*Your objective*: Every line of the material must be restated exactly, though not its pictures.

*Data provided*:
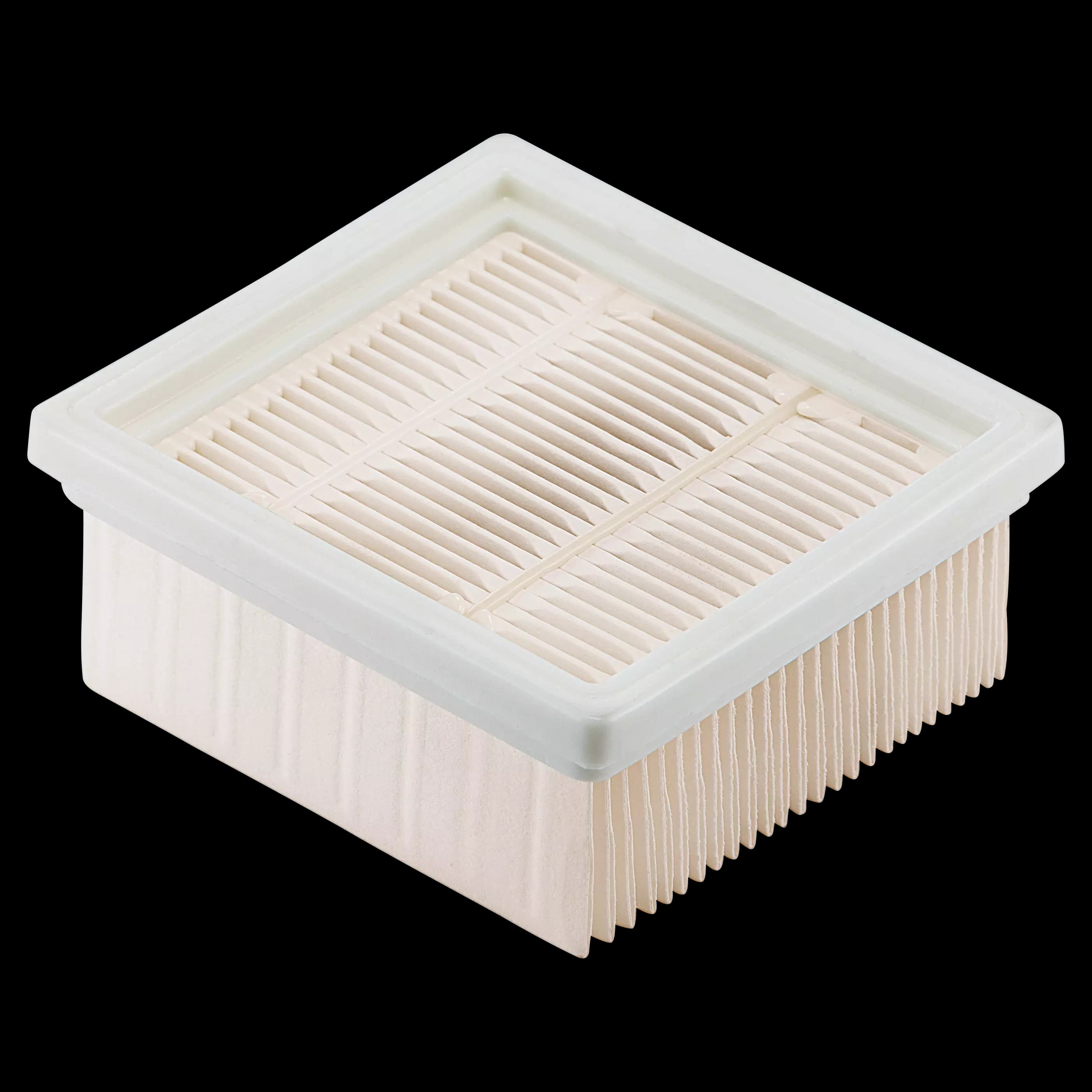 Επίπεδο πτυχωτό φίλτρο από χαρτί κατηγορίας H/HEPA 13. Από ειδικό υλικό με διαπερατότητα < 0,005%. Ανθεκτική στη βρομιά επιφάνεια και μεγάλη διάρκεια ζωής.
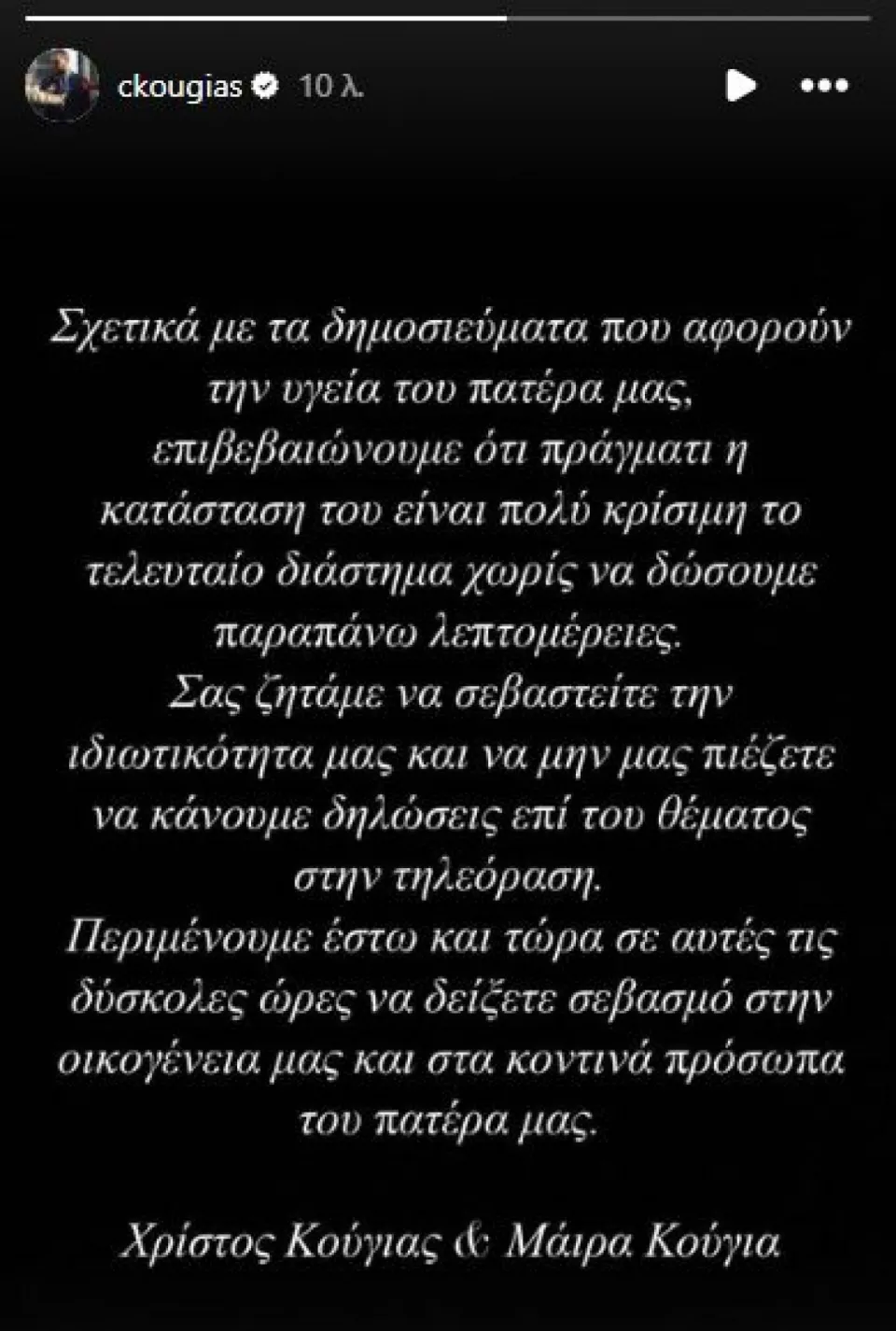 Όπως αναφέρει χαρακτηριστικά σε δήλωση που συνυπογράφει με την αδερφή του, Μάϊρα, o γιος του Χρήστος τονίζει στο Instagram τα εξής: «σχετικά με δημοσιεύματα που αφορούν την υγεία του πατέρα μας, επιβεβαιώνουμε ότι πράγματι η κατάστασή του είναι πολύ κρίσιμη το τελευταίο διάστημα, χωρίς να δώσουμε παραπάνω λεπτομέρειες».
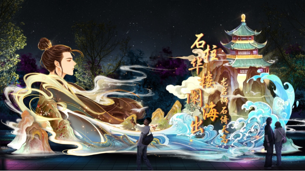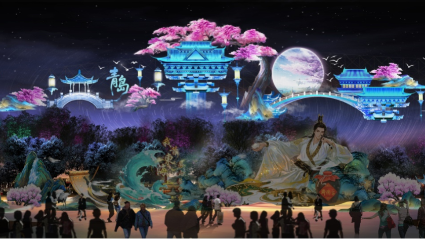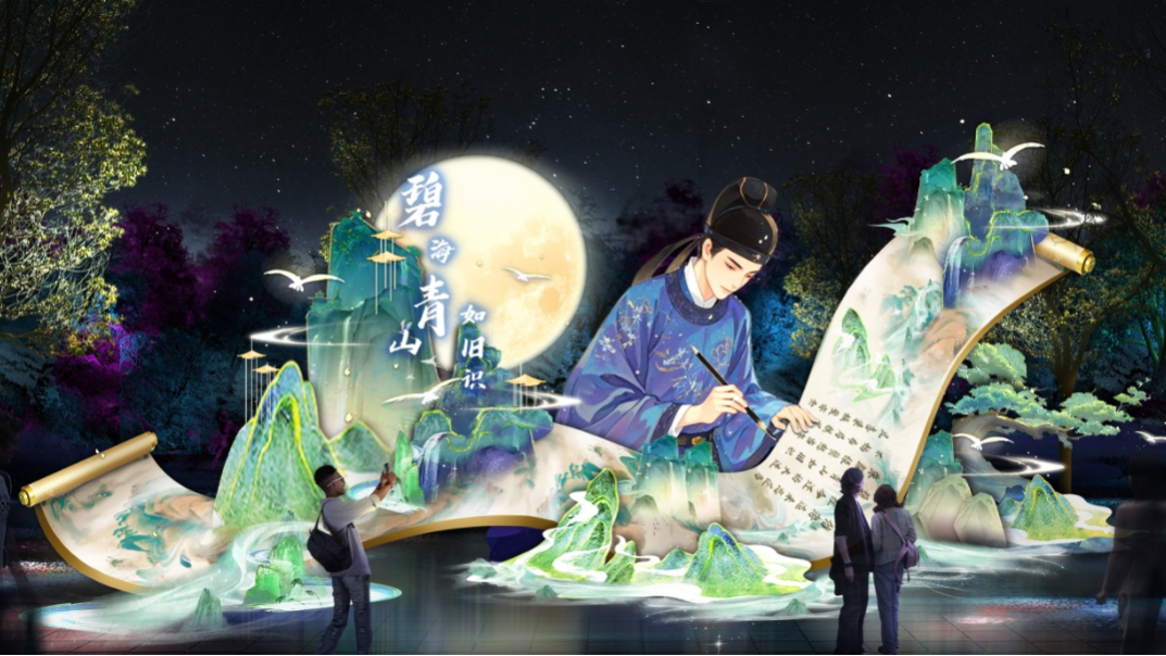 以青島的詩詞文脈為紐帶,融合嶗山山水、傳統(tǒng)建筑與現(xiàn)代光雕技術(shù),將歷代文人墨客筆下的山海神韻,化作流光溢彩的燈組在光影中徐徐鋪展。

*Exercise result*:
 Επίπεδο πτυχωτό φίλτρο από χαρτί κατηγορίας H/HEPA 13. Από ειδικό υλικό με διαπερατότητα < 0,005%. Ανθεκτική στη βρομιά επιφάνεια και μεγάλη διάρκεια ζωής.
 Όπως αναφέρει χαρακτηριστικά σε δήλωση που συνυπογράφει με την αδερφή του, Μάϊρα, o γιος του Χρήστος τονίζει στο Instagram τα εξής: «σχετικά με δημοσιεύματα που αφορούν την υγεία του πατέρα μας, επιβεβαιώνουμε ότι πράγματι η κατάστασή του είναι πολύ κρίσιμη το τελευταίο διάστημα, χωρίς να δώσουμε παραπάνω λεπτομέρειες».
 以青島的詩詞文脈為紐帶,融合嶗山山水、傳統(tǒng)建筑與現(xiàn)代光雕技術(shù),將歷代文人墨客筆下的山海神韻,化作流光溢彩的燈組在光影中徐徐鋪展。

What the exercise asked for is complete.